→ What you will do
Leaving out all pictures, give again each line exactly, from the start of the listing through the line that contains "Pair of Patinated".
================================
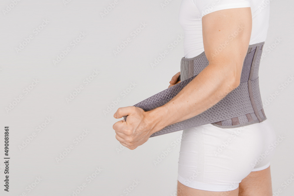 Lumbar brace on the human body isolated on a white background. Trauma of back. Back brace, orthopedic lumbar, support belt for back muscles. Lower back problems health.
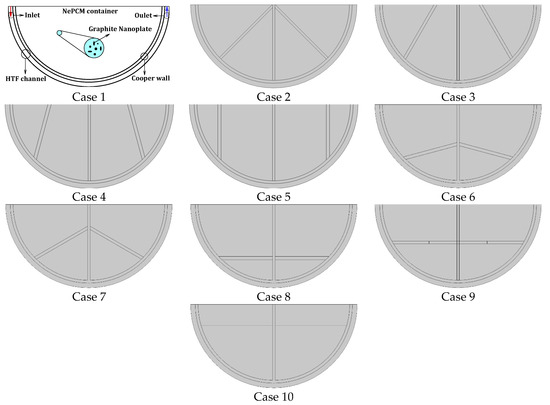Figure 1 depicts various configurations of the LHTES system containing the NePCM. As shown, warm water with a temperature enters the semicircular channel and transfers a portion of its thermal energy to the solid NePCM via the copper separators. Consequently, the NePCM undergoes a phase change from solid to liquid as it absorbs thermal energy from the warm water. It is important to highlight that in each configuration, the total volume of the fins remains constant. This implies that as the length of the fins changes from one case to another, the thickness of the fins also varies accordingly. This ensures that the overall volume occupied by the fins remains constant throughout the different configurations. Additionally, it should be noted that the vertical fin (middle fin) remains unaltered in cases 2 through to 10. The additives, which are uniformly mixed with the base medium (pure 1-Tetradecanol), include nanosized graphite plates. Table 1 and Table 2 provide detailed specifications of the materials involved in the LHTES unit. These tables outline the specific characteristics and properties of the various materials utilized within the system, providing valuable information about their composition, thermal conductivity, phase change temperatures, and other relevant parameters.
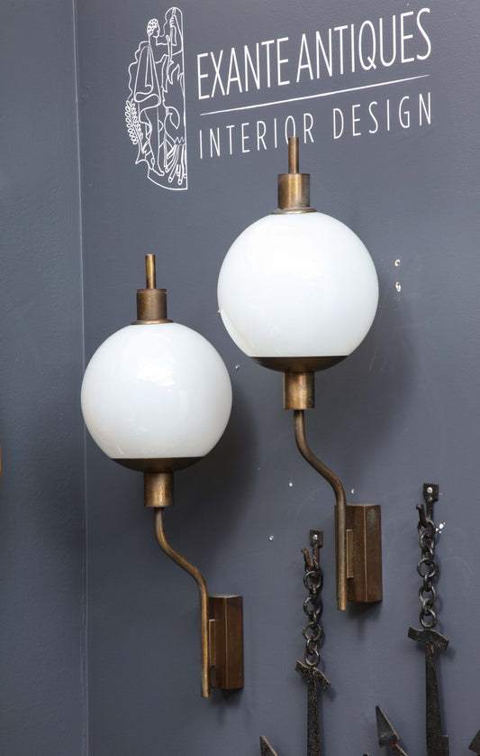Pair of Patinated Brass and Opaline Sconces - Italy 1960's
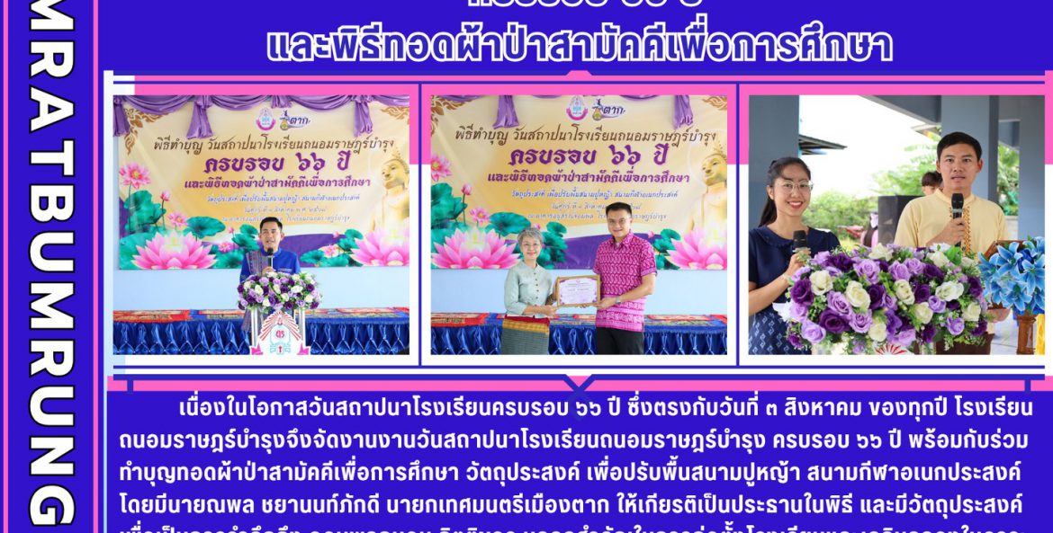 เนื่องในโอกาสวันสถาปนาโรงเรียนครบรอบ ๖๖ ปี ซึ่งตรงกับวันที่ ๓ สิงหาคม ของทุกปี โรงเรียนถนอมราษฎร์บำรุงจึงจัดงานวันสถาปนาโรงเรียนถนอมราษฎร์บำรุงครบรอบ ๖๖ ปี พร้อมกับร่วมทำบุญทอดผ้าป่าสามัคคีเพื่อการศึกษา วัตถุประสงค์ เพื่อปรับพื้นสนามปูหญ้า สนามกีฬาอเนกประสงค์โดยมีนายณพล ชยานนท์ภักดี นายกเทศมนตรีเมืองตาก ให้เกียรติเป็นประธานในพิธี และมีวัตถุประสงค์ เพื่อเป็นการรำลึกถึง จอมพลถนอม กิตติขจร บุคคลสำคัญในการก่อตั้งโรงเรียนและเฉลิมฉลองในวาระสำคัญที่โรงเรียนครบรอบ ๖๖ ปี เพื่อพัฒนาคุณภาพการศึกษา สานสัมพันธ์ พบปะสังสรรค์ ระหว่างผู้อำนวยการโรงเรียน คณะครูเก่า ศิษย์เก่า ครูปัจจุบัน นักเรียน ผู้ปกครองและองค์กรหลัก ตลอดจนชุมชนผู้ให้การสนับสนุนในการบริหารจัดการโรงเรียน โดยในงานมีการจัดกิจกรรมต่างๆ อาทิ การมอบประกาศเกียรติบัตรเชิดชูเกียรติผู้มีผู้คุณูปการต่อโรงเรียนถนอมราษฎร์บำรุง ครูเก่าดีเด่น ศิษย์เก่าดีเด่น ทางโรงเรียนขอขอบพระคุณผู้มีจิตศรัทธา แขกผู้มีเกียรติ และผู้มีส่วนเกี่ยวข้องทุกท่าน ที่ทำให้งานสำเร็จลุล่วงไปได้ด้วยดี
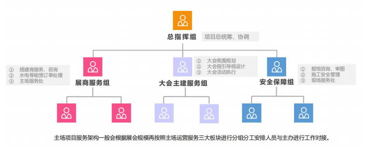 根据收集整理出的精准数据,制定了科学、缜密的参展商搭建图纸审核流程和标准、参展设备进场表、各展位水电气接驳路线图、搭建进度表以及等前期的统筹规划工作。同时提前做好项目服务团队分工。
================================
→ Answer for this exercise
 Lumbar brace on the human body isolated on a white background. Trauma of back. Back brace, orthopedic lumbar, support belt for back muscles. Lower back problems health.
Figure 1 depicts various configurations of the LHTES system containing the NePCM. As shown, warm water with a temperature enters the semicircular channel and transfers a portion of its thermal energy to the solid NePCM via the copper separators. Consequently, the NePCM undergoes a phase change from solid to liquid as it absorbs thermal energy from the warm water. It is important to highlight that in each configuration, the total volume of the fins remains constant. This implies that as the length of the fins changes from one case to another, the thickness of the fins also varies accordingly. This ensures that the overall volume occupied by the fins remains constant throughout the different configurations. Additionally, it should be noted that the vertical fin (middle fin) remains unaltered in cases 2 through to 10. The additives, which are uniformly mixed with the base medium (pure 1-Tetradecanol), include nanosized graphite plates. Table 1 and Table 2 provide detailed specifications of the materials involved in the LHTES unit. These tables outline the specific characteristics and properties of the various materials utilized within the system, providing valuable information about their composition, thermal conductivity, phase change temperatures, and other relevant parameters.
Pair of Patinated Brass and Opaline Sconces - Italy 1960's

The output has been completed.